Birinci sınıf öğrencisi Melek, ilk dersten bu yana ağlıyor ve sürekli 'eve gitmek istiyorum' diyordu.
Öğretmeni, 'anneni mi çok özledin? diye sordu. Melek, omzunu silkti, bir şey demedi ama ağlamaya devam etti.
Öğretmeni, 'istersen anneni arayalım, okula gelsin.' dedi. Çocuk ise 'hayır!' diye bağırdı.
Melek, iki gözü iki çeşme ağlamaya devam ediyor, bir yandan da
'ben eve gitmek istiyorum' diyordu hala.
Öğretmeni, 'hayır Melek, eve gitmene müsaade edemem. İstersen anneni arayabiliriz.' dedi yeni.
'Ama öğretmenim... Dün babam bana kuş almıştı. Ben kuşumu arkadaşlarıma göstermek istiyordum. Sabah gelirken evde unuttum. O yüzden eve gidip kuşumu almak istiyorum.' dedi.
Bazen gerçek nedeni öğrenmek yerine kafamızdaki basmakalıp nedenlere sarılırız değil mi?
Varsayımlar üzerine gideriz, öyle zannederiz. Zannettiğimiz gibi olmasını isteriz. Onu doğrulamak için sorular sorarız. Farklı bir durum olma ihtimalini pek düşünmeyiz ne hikmetse. Ah o önyargılar, o şartlı kabuller, o varsayımlar var ya! Onlar, bizim karşımızdakiyle empatik bağlantı kurmamızı, gerçek anlamda dinlememizi engelliyorlar işte.

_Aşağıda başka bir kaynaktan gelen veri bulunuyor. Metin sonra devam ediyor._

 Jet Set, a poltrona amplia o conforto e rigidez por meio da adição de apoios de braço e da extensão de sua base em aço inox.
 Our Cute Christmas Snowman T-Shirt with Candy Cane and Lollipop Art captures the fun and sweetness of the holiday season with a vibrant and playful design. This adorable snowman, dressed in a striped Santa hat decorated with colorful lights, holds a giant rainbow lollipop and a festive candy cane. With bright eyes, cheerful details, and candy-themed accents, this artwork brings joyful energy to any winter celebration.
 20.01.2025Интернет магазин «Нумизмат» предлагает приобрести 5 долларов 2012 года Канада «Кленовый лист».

Halbuki biraz sabretsek, dinlesek, anlamaya çalışsak gerçek nedeni öğreneceğiz ve o ihtiyacın giderilmesi için çözümler bulabileceğiz.
Bagajlarımız o kadar dolu ki, bilinçaltımız bir şekilde kontrolü ele geçiriyor ve sürekli konuşan içsesimiz dinlememize, sabretmemize, susmamıza engel oluyor değil mi?

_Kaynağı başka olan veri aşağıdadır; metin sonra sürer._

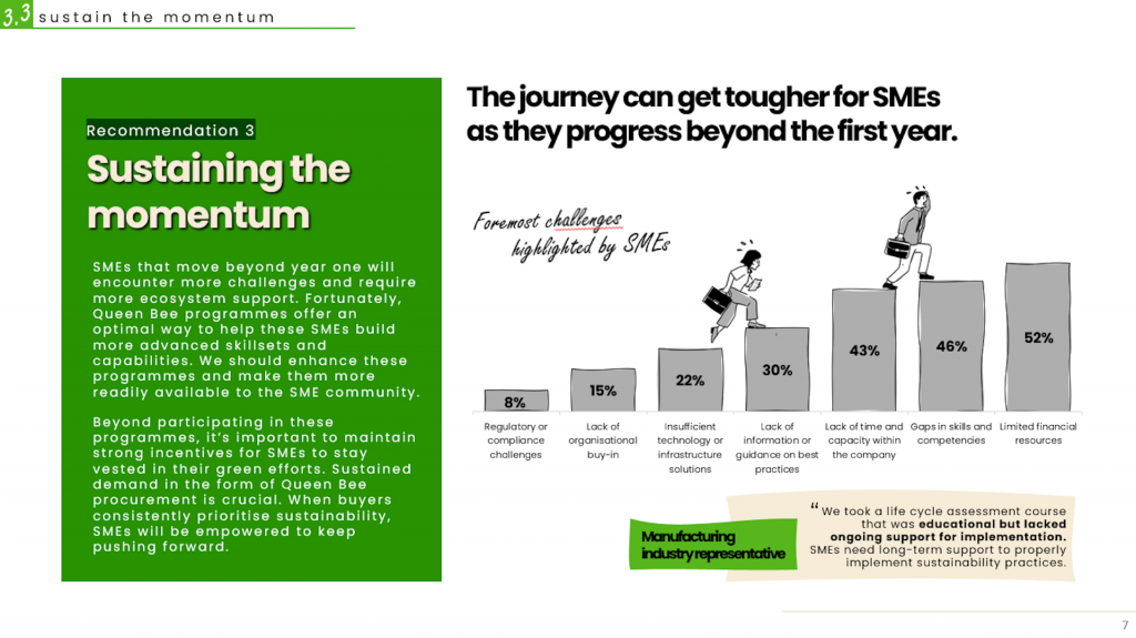 Fourth, cost remains a stubborn barrier. Nearly half of SMEs pointed to the high price of sustainable materials and solutions as a key obstacle. One way around this is to pool demand and solutions. For example, trade associations could help identify shared pain points and co-create sector-wide solutions with government partners, allowing SMEs to benefit from economies of scale rather than negotiating alone.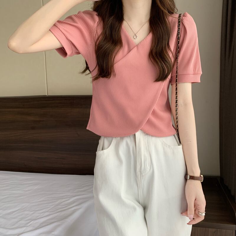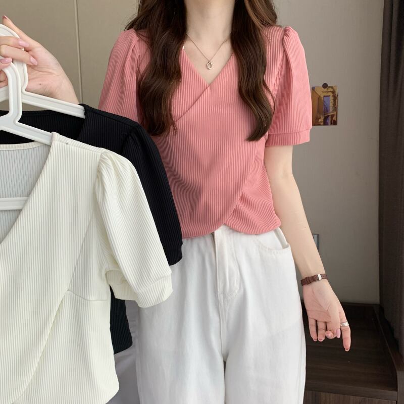 夏服Vネックトップス ホワイトTシャツ 夏物 ピュア パフスリーブ コーデ Marchs69912365224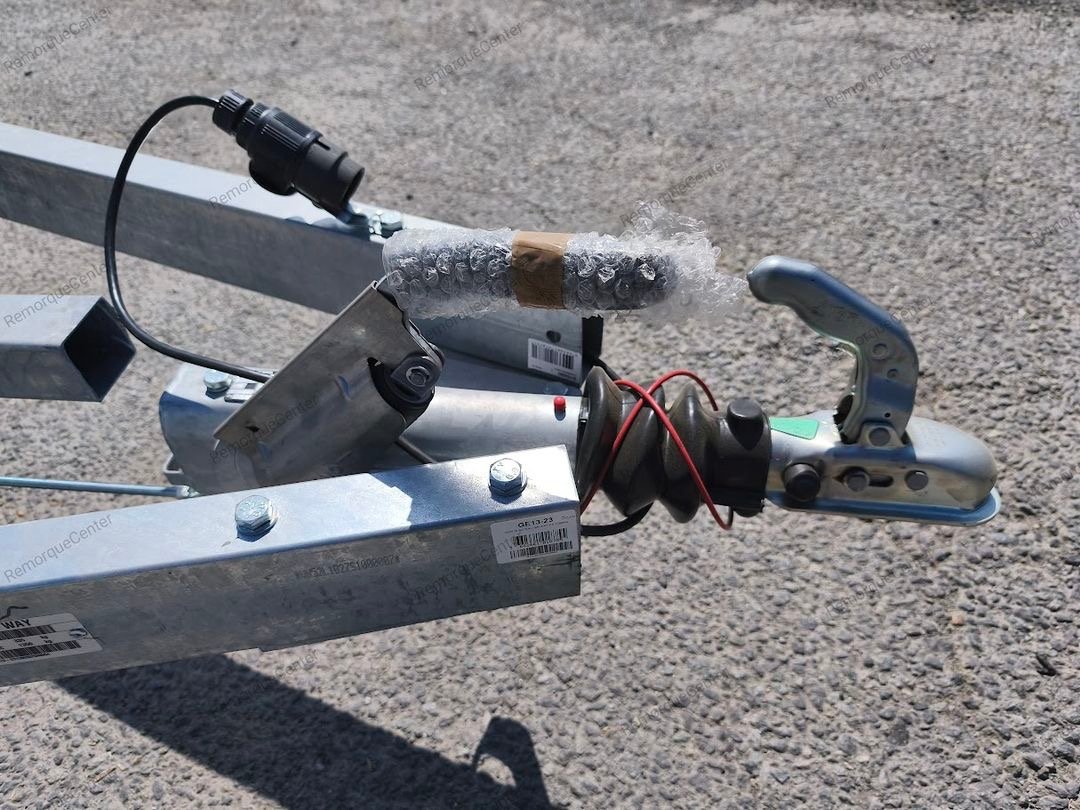 La remorque est équipée de feux fixes LED étanches, garantissant une visibilité optimale et une durabilité accrue, même en conditions humides en bord de mer. Son essieu freiné ALKO de 1350 kg assure une stabilité et une sécurité renforcées lors du transport.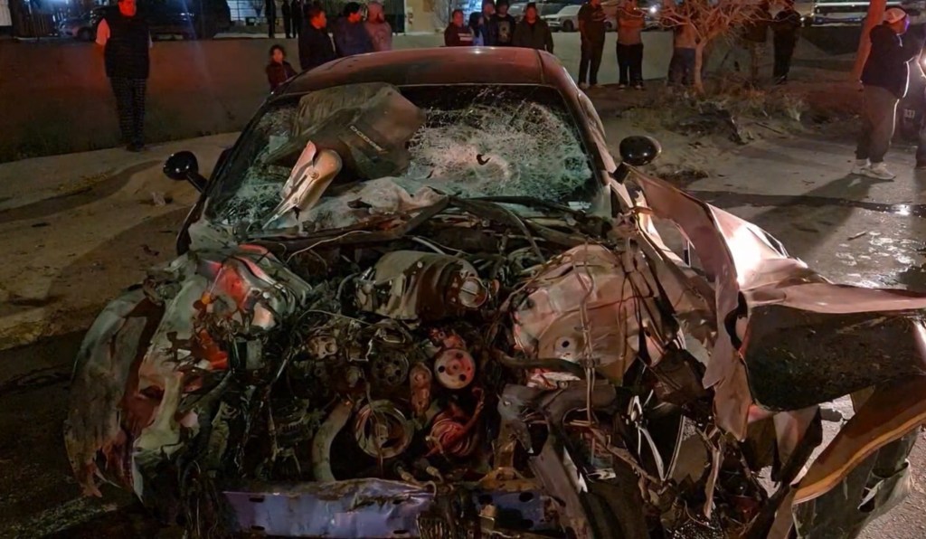 El accidente ocurrió sobre la calle Puerto Tarento, donde un camión de transporte de personal con numero económico 11095, sin matrículas, se impactó de frente contra un Dodge Challenger.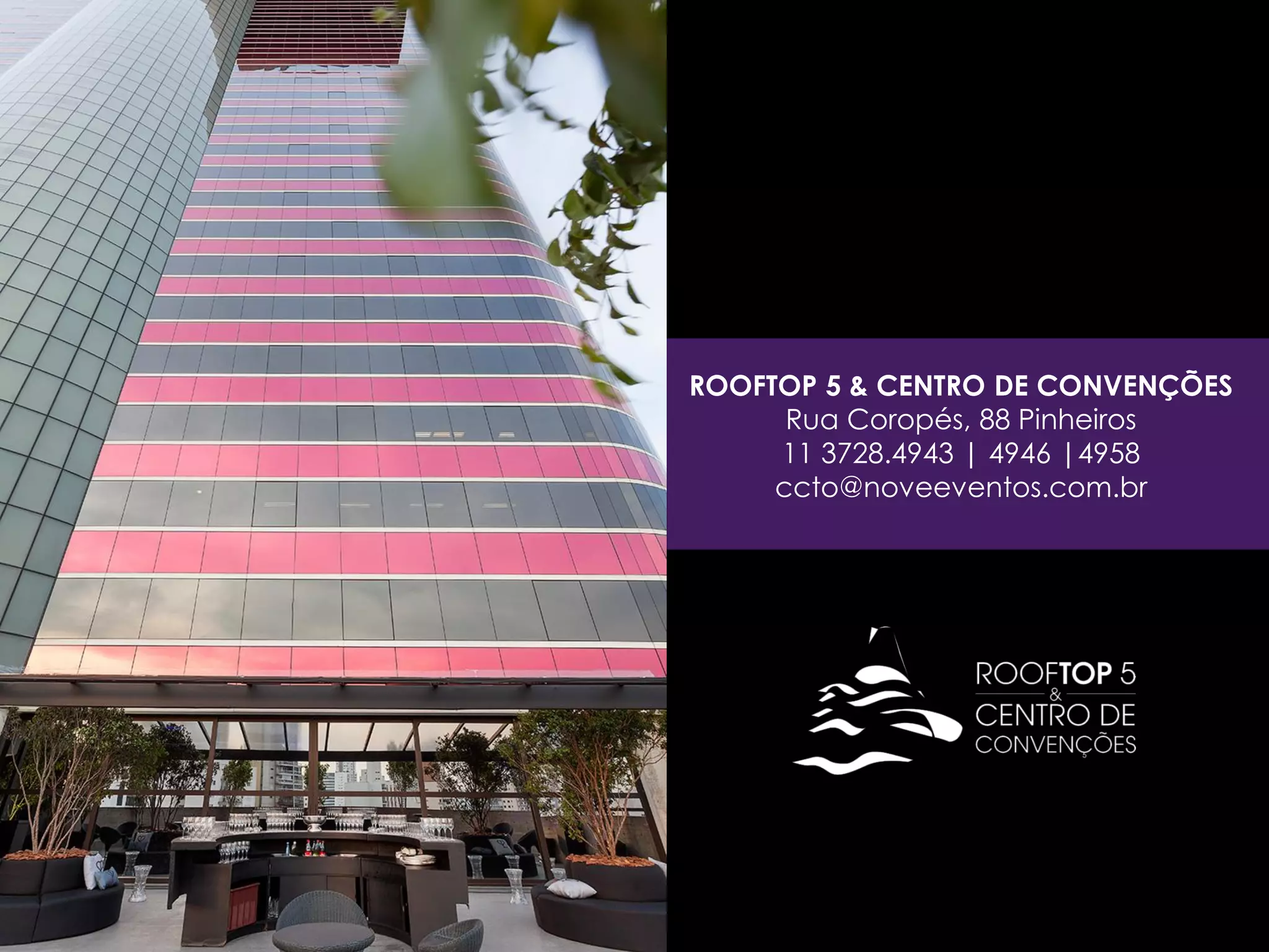 O Rooftop 5 & Centro de Convenções, localizado na Rua Coropés, 88, em Pinheiros, é um espaço que já recebeu 150 eventos e mais de 25.000 participantes, oferecendo uma vista quase panorâmica da cidade. O local conta com cinco andares, diversos ambientes versáteis e uma infraestrutura completa, além de receber elogios pela qualidade de atendimento e serviços. Os organizadores destacam a excelente localização e o espaço amplo como fatores decisivos para realizar eventos no local.

Biliyorum çok zor sabırla dinlemek.
Sözü kesmeden konuşana odaklanmak çok zor.
Ne söyleyeceğimizi düşünmeden muhatabı dinleyebilmek imkansız nerdeyse;
Ama huzur, mutluluk, sakinlik, çözüm, anlayış burada gizli. Dinleyebilmekte bütün hikmet.
Bütün mesele sabırla dinlemek vesselam.